→ **INFORMATION PROVIDED**:

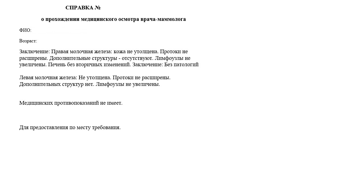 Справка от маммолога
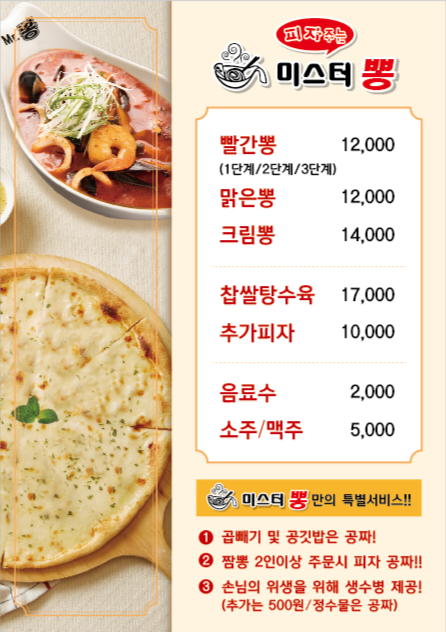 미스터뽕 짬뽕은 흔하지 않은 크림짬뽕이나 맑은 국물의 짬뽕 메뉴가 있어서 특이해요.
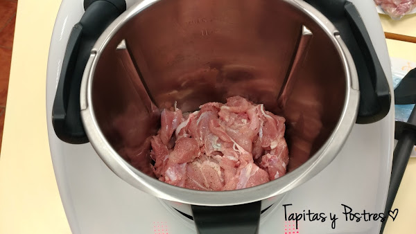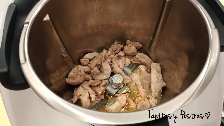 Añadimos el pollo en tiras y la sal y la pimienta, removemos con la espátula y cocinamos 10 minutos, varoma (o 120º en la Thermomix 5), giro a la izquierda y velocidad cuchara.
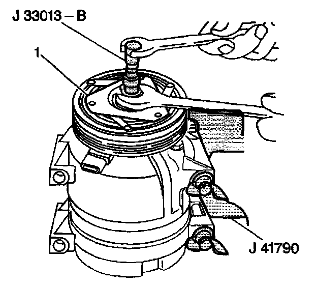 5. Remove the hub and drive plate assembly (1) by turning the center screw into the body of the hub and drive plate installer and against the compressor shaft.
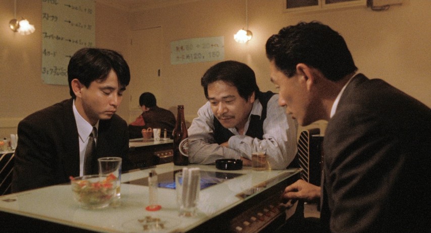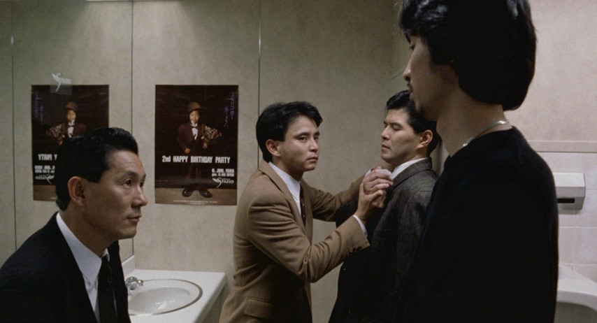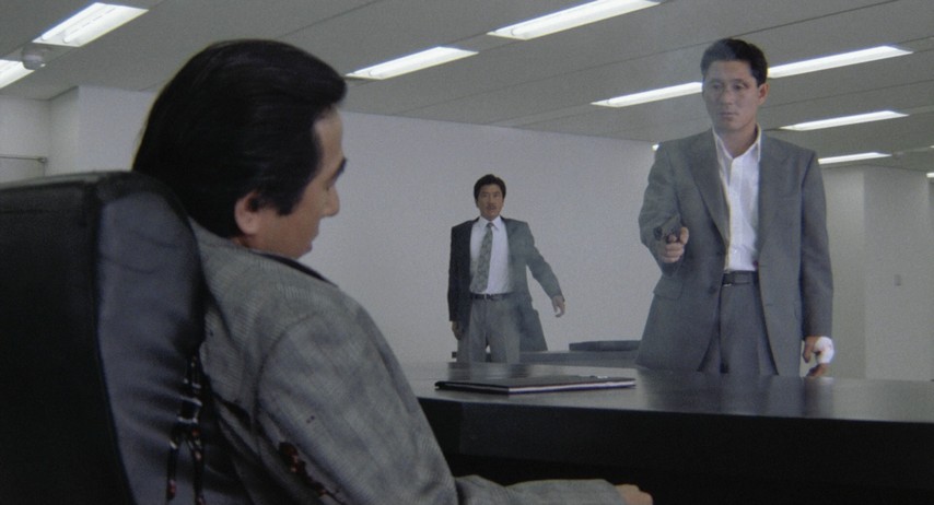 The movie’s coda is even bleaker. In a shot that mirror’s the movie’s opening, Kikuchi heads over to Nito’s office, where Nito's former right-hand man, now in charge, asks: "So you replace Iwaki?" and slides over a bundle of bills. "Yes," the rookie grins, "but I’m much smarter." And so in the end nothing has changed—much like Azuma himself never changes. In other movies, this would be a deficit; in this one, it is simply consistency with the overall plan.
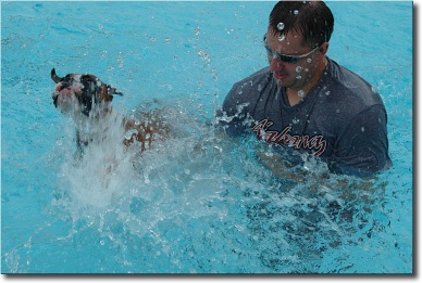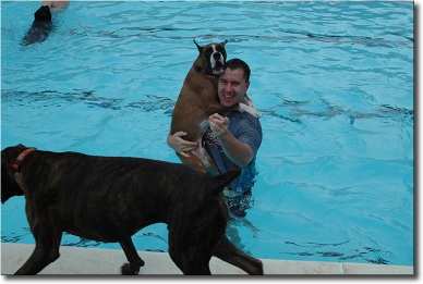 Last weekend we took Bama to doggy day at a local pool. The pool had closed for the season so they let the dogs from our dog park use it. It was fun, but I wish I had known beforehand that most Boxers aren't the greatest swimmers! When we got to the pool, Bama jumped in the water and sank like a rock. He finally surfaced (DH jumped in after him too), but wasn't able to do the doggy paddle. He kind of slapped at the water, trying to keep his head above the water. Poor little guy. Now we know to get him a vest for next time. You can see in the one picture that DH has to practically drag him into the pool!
---
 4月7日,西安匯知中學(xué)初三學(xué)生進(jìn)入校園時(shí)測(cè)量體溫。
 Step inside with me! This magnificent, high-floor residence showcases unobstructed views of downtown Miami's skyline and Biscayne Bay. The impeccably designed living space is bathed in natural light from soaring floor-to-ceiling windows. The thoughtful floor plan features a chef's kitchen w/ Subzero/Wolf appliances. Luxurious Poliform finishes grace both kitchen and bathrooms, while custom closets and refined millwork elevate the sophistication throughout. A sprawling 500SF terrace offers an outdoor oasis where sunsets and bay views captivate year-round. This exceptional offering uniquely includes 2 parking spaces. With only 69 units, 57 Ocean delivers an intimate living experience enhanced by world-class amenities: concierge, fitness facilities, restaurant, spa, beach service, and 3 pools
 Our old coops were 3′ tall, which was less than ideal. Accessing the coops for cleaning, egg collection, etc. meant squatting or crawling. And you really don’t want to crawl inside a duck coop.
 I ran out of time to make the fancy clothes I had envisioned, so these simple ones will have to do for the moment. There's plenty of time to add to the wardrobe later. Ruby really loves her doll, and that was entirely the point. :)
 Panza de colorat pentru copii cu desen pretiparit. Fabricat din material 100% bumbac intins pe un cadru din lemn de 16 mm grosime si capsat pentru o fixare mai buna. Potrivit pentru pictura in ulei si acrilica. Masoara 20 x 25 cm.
...
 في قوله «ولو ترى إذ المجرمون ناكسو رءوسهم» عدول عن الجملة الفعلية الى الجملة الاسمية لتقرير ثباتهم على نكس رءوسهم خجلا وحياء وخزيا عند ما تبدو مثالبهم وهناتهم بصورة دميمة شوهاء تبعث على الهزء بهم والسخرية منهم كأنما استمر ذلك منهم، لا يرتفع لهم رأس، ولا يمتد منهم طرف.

→ **ASSIGNMENT**:
Within the listing above, extract exactly the lines that run from the one containing "Справка от маммолога" through the one containing "5. Remove the", excluding any pictures.

→ **ANSWER TO THIS EXERCISE**:
 Справка от маммолога
 미스터뽕 짬뽕은 흔하지 않은 크림짬뽕이나 맑은 국물의 짬뽕 메뉴가 있어서 특이해요.
 Añadimos el pollo en tiras y la sal y la pimienta, removemos con la espátula y cocinamos 10 minutos, varoma (o 120º en la Thermomix 5), giro a la izquierda y velocidad cuchara.
 5. Remove the hub and drive plate assembly (1) by turning the center screw into the body of the hub and drive plate installer and against the compressor shaft.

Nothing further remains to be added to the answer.